Click on the links below to access your favourite chef's biography.
Your Favourite Chefs

Alastair McLeod
Alastair McLeod is Executive Chef at Bretts Wharf in Brisbane - which is a big job, the business incorporates an la carte seafood restaurant, on-site function facilities and off-site catering. He´s a dinky-di Australian (his mother was born here) and despite the Irish accent, he knows more about Australian produce than most and is passionate about the fresh produce that we have available to us in Australia, and especially in the South East Queensland region.
Previous to his arrival in Australia nearly 9 years ago, he was chef at a number of Michelin listed restaurants in Europe. These included Roscoffs in Ireland (his old boss there Paul Rankin is one of the regular chefs in the British version of Ready Steady Cook), and also Da Giovanni restaurant in Torino in Italy, which is one of the few family owned restaurants with a Michelin listing.
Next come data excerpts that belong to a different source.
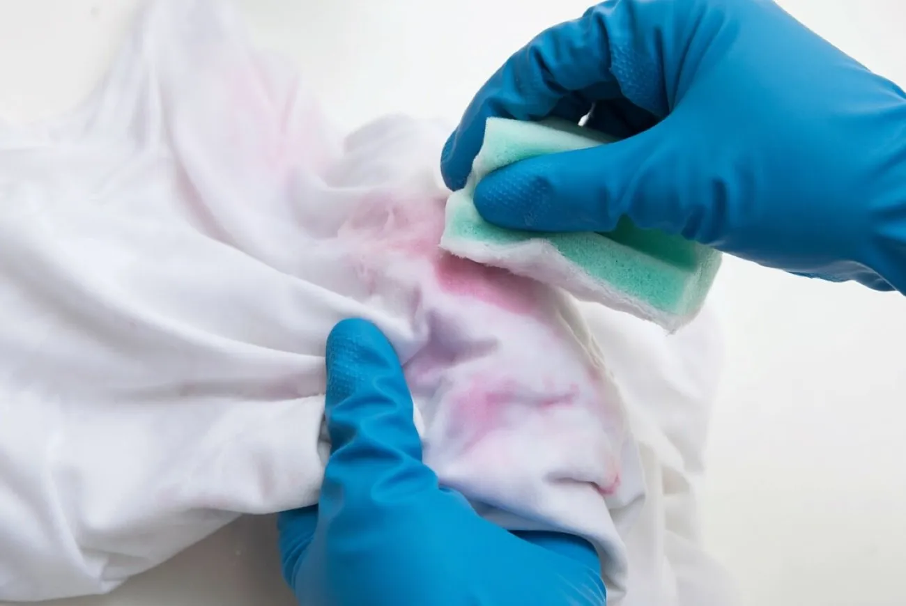 Pirmiausia ant dėmės beriama valgomoji druska. Ji čia veikia ne kaip stebuklinga priemonė, o labai praktiškai – kaip švelnus abrazyvas, padedantis ardyti dėmės sluoksnį. Kai druska įtrinama į audinį, ant viršaus pilami du šaukštai acto. Tuomet susidaro rūgštesnė terpė, kuri padeda skaidyti dažų likučius.
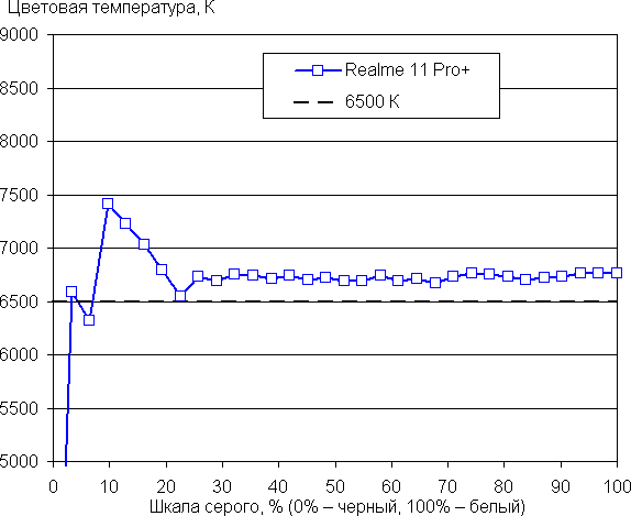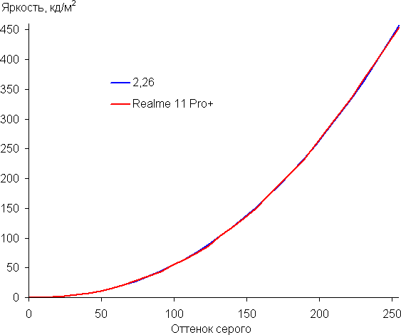 Напомним, что в случае OLED-экранов яркость фрагментов изображения динамично меняется в соответствии с характером выводимого изображения — немного уменьшается для светлых в целом изображений. В итоге полученная зависимость яркости от оттенка (гамма-кривая), скорее всего, не точно соответствует гамма-кривой статичного изображения, так как измерения проводились при последовательном выводе оттенков серого почти на весь экран.
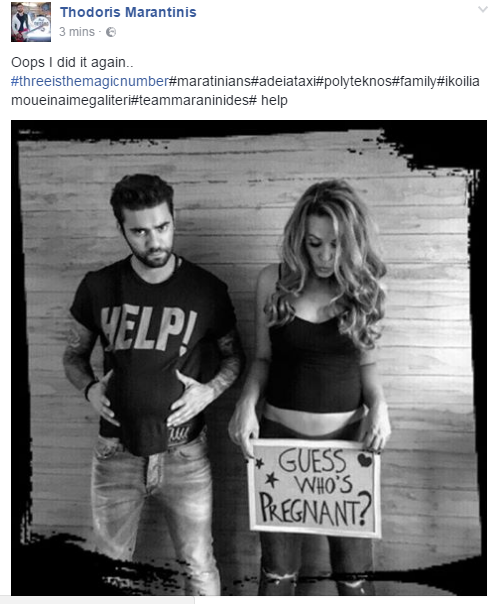 Ο Θοδωρής Μαραντίνης το βράδυ της Τρίτης, 11 Οκτωβρίου πόσταρε μία φωτογραφία στα social media όπου ποζάρει με την εγκυμονούσα σύζυγό του, η οποία κρατάει μία πινακίδα που αναγράφει: “Μαντέψτε ποια είναι έγκυος”!
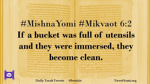 Mikvaot, MishnaYomi #MishnaYomi #Mikvaot 6:2 Date: August 25, 2021Author: ysspitz #MishnaYomi #Mikvaot 6:2 If a bucket was full of utensils and they were immersed, they become clean. Share this: Share on X (Opens in new window) X Share on Facebook (Opens in new window) Facebook Like Loading... Related

Alastair also worked at one of Scotland´s finest restaurants, The Ubiquitous Chip (at the time Glasgow's highest Michelin rated restaurant) and La Fregate in France.
Six years ago he took up the position of Executive Chef at Bretts Wharf, and since then has won many awards including Restaurant and Catering Associations' Best Event Caterer and Best Venue Caterer as well as Best Seafood Restaurant.
The catering side of the business sees Alastair cooking at some of Australia's most impressive events including a 3000 guest formal sit down dinner ball in a hangar for Virgin Blue, the Mercedes Benz Fashion Festival, David Jones launches and the AAMI Stradbroke Cup.

Manu Feildel
It seems that Manu Fieldel was destined to become a great chef from the moment he was born — his great grandfather was a pastry chef, his grandfather, father and cousin were chefs, his uncle is a charcutier and his mother is a great cook.
His first job at The Cafe Royal, was hard to say the least, as Manu didn´t speak any English. But his perseverance paid off, and he later took up a position as Chef de Partie at the seafood restaurant, Livebait (nominated best seafood in the UK in '98) and that's when he really began to understand and love the career he had chosen.
Manu relocated to Sydney and after six months with Hugo´s at Bondi Beach, he opened the kitchen at the new Hugo´s Lounge in Kings Cross. Manu ran the kitchen for about 18 months before he moved to Restaurant VII with its exciting fusion of French and Japanese cuisine.
It was then Tony Bilson approached Manu to open his new venture Bilsons and it seems his career has turned full circle, as he returns to his roots cooking contemporary French cuisine.
Congratulations to Manu for being awarded his 3rd chefs hat for Bilsons at the 2007 Sydney Morning Herald Good Food Guide Awards

George Calombaris
George Calombaris has one simple philosophy when it comes to cuisine; "With each dish that I create, my goal is to achieve for my customer a dining experience designed to do everything, except go unnoticed"
In 2003 Calombaris was selected to represent Australia at the Bocuse d´Or International culinary Grand Prix in Lyon, achieving a best ever result for an Australian representative.
In the same year George was the master mind behind the successful restaurant Reserve, where his food was an often-surprising hybrid of classical haute cuisine and the experimental ideas of European food surrealists. George was also voted one of the top 40 chefs of influence in the world by the Global Food and Wine Magazine in 2004.
Whilst at Reserve, Calombaris was awarded Young Chef of the Year 2004 by The Age Good Food Guide Awards, and Reserve won Best New Restaurant 2004 as well as winning two chefs hats.
He´s packed a lot into a short career, including his own restaurant The Press Club which has just recently opened in Melbourne.

Darren Simpson
Darren Simpson´s resume reads like the "who´s who" of restaurants in the UK. Darren studied and began his career in Northern Ireland where he was born. Within two years of landing his first job. Darren was named UK´s Young Chef of the Year. At 21, he was and still is, the youngest ever winner of this prestigious annual award open to all UK chefs under the age of 25.
From 1992 to 1999, Darren has trained and worked with some of the greatest. He has worked in restaurants such as Paul Rankin´s Michelin-starred Roscoff, Belfast; Albert Roux´s Michelin-starred Le Gavroche, London; Sally Clarke´s Clarke´s, London: Simon Hopkinson´s Bibendum, London; as joint Head Chef of the acclaimed River Café, London, and Head Chef at Sir Terence Conran´s Sartoria in Savile Row, London.
Simpson has also written about food for various newspapers and magazines both here and overseas including British Esquire; The Sydney Morning Herald´s Good Living supplement and Live This Magazine.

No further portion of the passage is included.